An Israeli settler overseeing the development activities in Ein al-Beida yells at Palestinian activist Basil al-Adraa, telling him to leave the construction site. Soldiers disregard the interaction. April 15, 2021. (Emily Glick)
An Israeli settler overseeing the development activities in Ein al-Beida yells at Palestinian activist Basil al-Adraa, telling him to leave the construction site. Soldiers disregard the interaction. April 15, 2021. (Emily Glick)

“For centuries, residents of the five villages surrounding Ein al-Beida have built their livelihoods around farming in the wadis [valleys] and shepherding in the hills,” he said. “Even though these areas are private Palestinian land, Israeli authorities do not recognize grazing as [land utilization] and declared most of the hilly areas as ‘state land.’”

Basil continued, “The state allocated parts of this land for settlement development — including to Tnuva for industrial dairy and chicken farms, as well as to settlers of Havat Ma’on for a sheep farm and the recent project in Ein al-Beida. With large bulldozers, the settlers are, again, shifting the landscape of Ein al-Beida, taking soil from the wadi and preparing the hills above for some sort of agricultural project.”

A cyclical reality

The plans for development in Ein al-Beida are still a mystery. According to Quamar Mishirqi-Assad, the legal project director of the land rights NGO Haqel, any development project of this scale is required to publish their plans publicly on formal government websites to allow for any objections.

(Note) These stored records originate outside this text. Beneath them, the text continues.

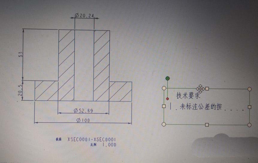 5、输入注解(比如:技术要求 1.未标注公差按....)。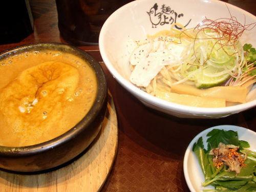 難波の「麺のようじ」、泥つけ麺です。昼は難波まで出てラーメンを食べました。昼時間を大幅に外れていたので、待たずに入店。初めてだったのですが「泥つけ麺」を注文。メニューがとても美味しく見えたのですから。しばし待って石の器に入って出てきた、グツグツ煮え立つスープ。熱いです。真剣熱い。薬味を入れて麺をすすると、麺の外にあたる口の両端が火傷しました。これはビックリです。それほどスープが熱い。嬉しいことです。スープはコッテリと濃厚ですが、食べやすいあっさり感があります。鶏のスープだからかな。美味いです。つけ麺の中では今までの最上クラスになります。スープも塩辛すぎず、スープ割がなくても飲める状態です。それくらい、スープが濃厚で中太の麺に絡みます。凄いです。それにトッピングに胸肉(多分)の蒸したものが載っています。メチャ柔らかくて美味しいです。さすが、難波地区で三番の人気店と言う実力は十分です。ご馳走様。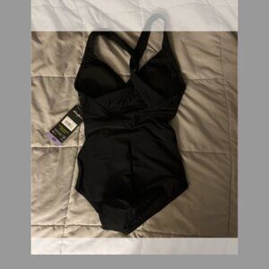 The swimsuit also has ruched sides and shaping accents that give it a unique and flattering look. It comes with a one-piece bottom style and UPF 50, quick-dry, and chlorine-resistant features that make it perfect for any beach or sports activity. This swimsuit is machine washable and is perfect for any woman who wants to look and feel great while having fun in the water.

Israeli bulldozers at work in Ein al-Beida, West Bank, April 15, 2021. (Emily Glick)
Israeli bulldozers at work in Ein al-Beida, West Bank, April 15, 2021. (Emily Glick)

The Israeli Civil Administration responded to Haqel’s inquiries into the project by stating that the developers have permission to utilize the land. However, Quamar noted that considering that — as far as we know — no plans have been published and that the master plans of the Carmel and Ma’on settlements do not include any development projects in Ein al-Beida, there are serious questions about the legality and transparency of this project.

Given that we do not know the full nature of these plans, we also do not know the environmental threat of this project. It is nonetheless clear that, at a minimum, and similar to other development projects in the area, the carving up of this hill will disrupt the flora and fauna critical to the biodiversity of the region. And when the movement of herds is restricted by military and settlement activity, shepherds are forced to overgraze land, which accelerates land degradation, and then must supplement their food with expensive and less-sustainable fodder.

The transformation of landscape I saw driving up the road past Ein al-Beida thus represents the grave, cyclical reality of the climate crisis in the West Bank: the occupation exacerbates the impacts of climate change, and climate change exacerbates the impacts of occupation.

Hajj Suleiman from Umm al-Kheir, one of the West Bank villages that grazes in the area of Ein al-Beida, protests Israeli settlement development, March 8, 2021. (Natasha Westheimer)
Hajj Suleiman from Umm al-Kheir, one of the West Bank villages that grazes in the area of Ein al-Beida, protests Israeli settlement development, March 8, 2021. (Natasha Westheimer)

Amid this reality, the traditional lifestyle of Palestinian shepherds, who once roamed the land freely with their herds while sustainably utilizing land and water resources, is being systematically dismantled and replaced by pollutive, environmentally damaging projects. And as Basil explained, “These settlers have the economic means — with support of political and military authorities — to utilize significant land, water, and electricity resources as a political tool for land takeover.”

Shepherds — like all Palestinians living under occupation in Area C of the West Bank, which is under Israel’s full administrative and security control — lack the autonomy and resources to adapt and respond to these threats and to changing climate conditions. Under these circumstances, Palestinians will bear the brunt of the climate crisis while Israeli settlements continue to aggressively annex land, destroy the environment, and wreak havoc on the Palestinian residents of the area — all without consequence.